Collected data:
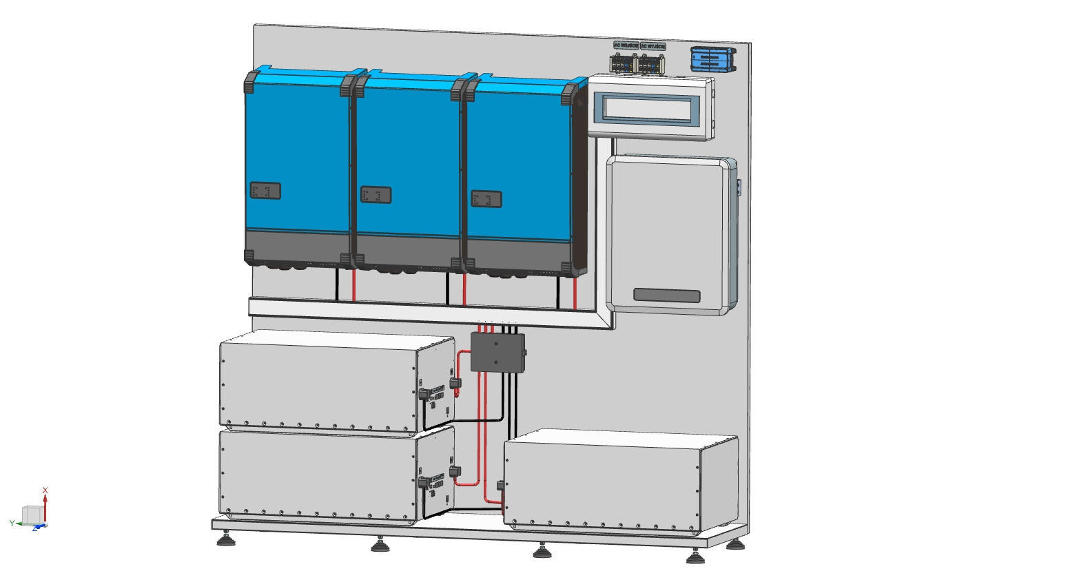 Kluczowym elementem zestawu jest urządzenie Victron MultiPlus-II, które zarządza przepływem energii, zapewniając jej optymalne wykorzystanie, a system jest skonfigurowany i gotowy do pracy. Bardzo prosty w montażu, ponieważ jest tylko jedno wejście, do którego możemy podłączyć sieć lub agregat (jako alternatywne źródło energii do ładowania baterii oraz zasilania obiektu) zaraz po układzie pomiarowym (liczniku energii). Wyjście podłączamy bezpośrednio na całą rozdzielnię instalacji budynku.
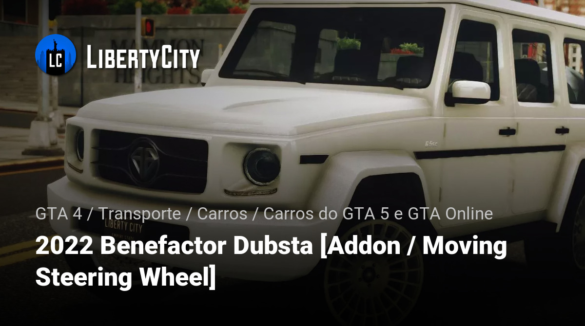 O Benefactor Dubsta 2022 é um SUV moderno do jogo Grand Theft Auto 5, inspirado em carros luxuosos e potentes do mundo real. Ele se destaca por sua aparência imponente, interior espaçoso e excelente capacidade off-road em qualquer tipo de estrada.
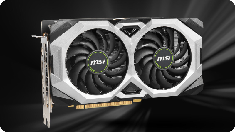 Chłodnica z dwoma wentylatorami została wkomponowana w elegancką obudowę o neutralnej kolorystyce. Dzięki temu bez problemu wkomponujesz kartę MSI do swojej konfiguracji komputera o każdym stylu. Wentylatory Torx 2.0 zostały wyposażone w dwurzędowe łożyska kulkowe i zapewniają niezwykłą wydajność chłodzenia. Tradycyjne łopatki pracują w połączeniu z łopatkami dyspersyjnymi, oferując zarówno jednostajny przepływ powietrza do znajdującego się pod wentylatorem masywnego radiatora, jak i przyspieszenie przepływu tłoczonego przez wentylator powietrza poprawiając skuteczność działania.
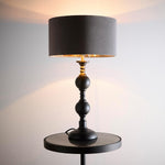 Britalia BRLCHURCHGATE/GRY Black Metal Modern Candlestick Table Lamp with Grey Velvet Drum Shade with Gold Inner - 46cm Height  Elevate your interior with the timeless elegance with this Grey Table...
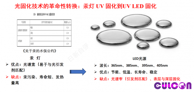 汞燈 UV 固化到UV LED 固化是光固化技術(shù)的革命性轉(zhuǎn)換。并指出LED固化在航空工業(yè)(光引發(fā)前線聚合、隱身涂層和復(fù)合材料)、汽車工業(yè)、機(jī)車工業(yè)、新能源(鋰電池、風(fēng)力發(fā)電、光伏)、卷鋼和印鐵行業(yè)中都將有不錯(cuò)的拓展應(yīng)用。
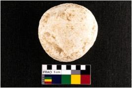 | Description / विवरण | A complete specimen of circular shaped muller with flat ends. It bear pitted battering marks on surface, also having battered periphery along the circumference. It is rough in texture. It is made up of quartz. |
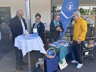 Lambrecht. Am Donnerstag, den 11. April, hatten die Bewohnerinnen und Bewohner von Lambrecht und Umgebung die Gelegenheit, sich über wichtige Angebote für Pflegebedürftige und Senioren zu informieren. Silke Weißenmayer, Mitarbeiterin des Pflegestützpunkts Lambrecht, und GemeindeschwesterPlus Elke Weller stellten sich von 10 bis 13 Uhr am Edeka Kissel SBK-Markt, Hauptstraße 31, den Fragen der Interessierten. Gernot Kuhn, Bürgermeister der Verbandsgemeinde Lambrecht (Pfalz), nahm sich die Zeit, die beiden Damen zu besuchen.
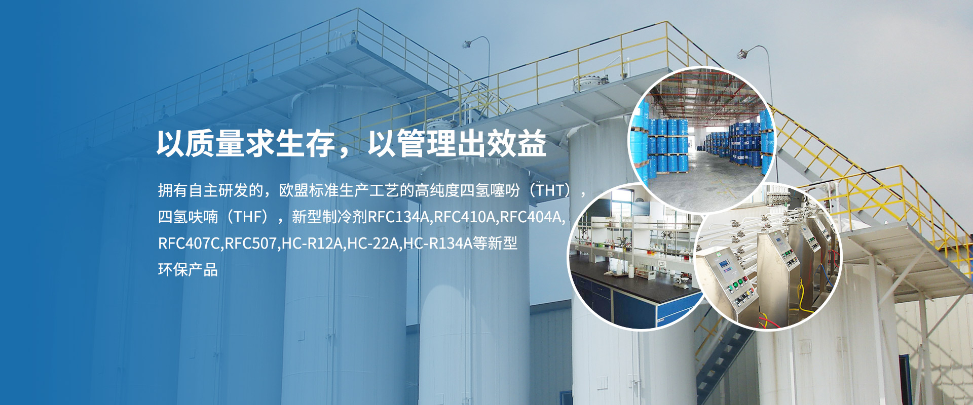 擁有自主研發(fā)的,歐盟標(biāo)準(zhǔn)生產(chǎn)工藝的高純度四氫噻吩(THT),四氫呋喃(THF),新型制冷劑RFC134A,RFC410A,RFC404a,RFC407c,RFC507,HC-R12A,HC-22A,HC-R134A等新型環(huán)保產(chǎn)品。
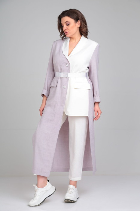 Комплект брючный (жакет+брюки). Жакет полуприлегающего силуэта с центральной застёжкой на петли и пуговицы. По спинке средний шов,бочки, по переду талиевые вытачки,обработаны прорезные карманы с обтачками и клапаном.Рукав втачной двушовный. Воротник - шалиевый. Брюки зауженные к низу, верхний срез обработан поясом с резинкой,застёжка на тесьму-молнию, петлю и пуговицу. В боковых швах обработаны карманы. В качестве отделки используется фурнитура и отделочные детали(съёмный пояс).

Task requirements:
Exact copy, no pictures: return the entries word for word.

Solution to this problem:
 Kluczowym elementem zestawu jest urządzenie Victron MultiPlus-II, które zarządza przepływem energii, zapewniając jej optymalne wykorzystanie, a system jest skonfigurowany i gotowy do pracy. Bardzo prosty w montażu, ponieważ jest tylko jedno wejście, do którego możemy podłączyć sieć lub agregat (jako alternatywne źródło energii do ładowania baterii oraz zasilania obiektu) zaraz po układzie pomiarowym (liczniku energii). Wyjście podłączamy bezpośrednio na całą rozdzielnię instalacji budynku.
 O Benefactor Dubsta 2022 é um SUV moderno do jogo Grand Theft Auto 5, inspirado em carros luxuosos e potentes do mundo real. Ele se destaca por sua aparência imponente, interior espaçoso e excelente capacidade off-road em qualquer tipo de estrada.
 Chłodnica z dwoma wentylatorami została wkomponowana w elegancką obudowę o neutralnej kolorystyce. Dzięki temu bez problemu wkomponujesz kartę MSI do swojej konfiguracji komputera o każdym stylu. Wentylatory Torx 2.0 zostały wyposażone w dwurzędowe łożyska kulkowe i zapewniają niezwykłą wydajność chłodzenia. Tradycyjne łopatki pracują w połączeniu z łopatkami dyspersyjnymi, oferując zarówno jednostajny przepływ powietrza do znajdującego się pod wentylatorem masywnego radiatora, jak i przyspieszenie przepływu tłoczonego przez wentylator powietrza poprawiając skuteczność działania.
 Britalia BRLCHURCHGATE/GRY Black Metal Modern Candlestick Table Lamp with Grey Velvet Drum Shade with Gold Inner - 46cm Height  Elevate your interior with the timeless elegance with this Grey Table...
 汞燈 UV 固化到UV LED 固化是光固化技術(shù)的革命性轉(zhuǎn)換。并指出LED固化在航空工業(yè)(光引發(fā)前線聚合、隱身涂層和復(fù)合材料)、汽車工業(yè)、機(jī)車工業(yè)、新能源(鋰電池、風(fēng)力發(fā)電、光伏)、卷鋼和印鐵行業(yè)中都將有不錯(cuò)的拓展應(yīng)用。
 | Description / विवरण | A complete specimen of circular shaped muller with flat ends. It bear pitted battering marks on surface, also having battered periphery along the circumference. It is rough in texture. It is made up of quartz. |
 Lambrecht. Am Donnerstag, den 11. April, hatten die Bewohnerinnen und Bewohner von Lambrecht und Umgebung die Gelegenheit, sich über wichtige Angebote für Pflegebedürftige und Senioren zu informieren. Silke Weißenmayer, Mitarbeiterin des Pflegestützpunkts Lambrecht, und GemeindeschwesterPlus Elke Weller stellten sich von 10 bis 13 Uhr am Edeka Kissel SBK-Markt, Hauptstraße 31, den Fragen der Interessierten. Gernot Kuhn, Bürgermeister der Verbandsgemeinde Lambrecht (Pfalz), nahm sich die Zeit, die beiden Damen zu besuchen.
 擁有自主研發(fā)的,歐盟標(biāo)準(zhǔn)生產(chǎn)工藝的高純度四氫噻吩(THT),四氫呋喃(THF),新型制冷劑RFC134A,RFC410A,RFC404a,RFC407c,RFC507,HC-R12A,HC-22A,HC-R134A等新型環(huán)保產(chǎn)品。
 Комплект брючный (жакет+брюки). Жакет полуприлегающего силуэта с центральной застёжкой на петли и пуговицы. По спинке средний шов,бочки, по переду талиевые вытачки,обработаны прорезные карманы с обтачками и клапаном.Рукав втачной двушовный. Воротник - шалиевый. Брюки зауженные к низу, верхний срез обработан поясом с резинкой,застёжка на тесьму-молнию, петлю и пуговицу. В боковых швах обработаны карманы. В качестве отделки используется фурнитура и отделочные детали(съёмный пояс).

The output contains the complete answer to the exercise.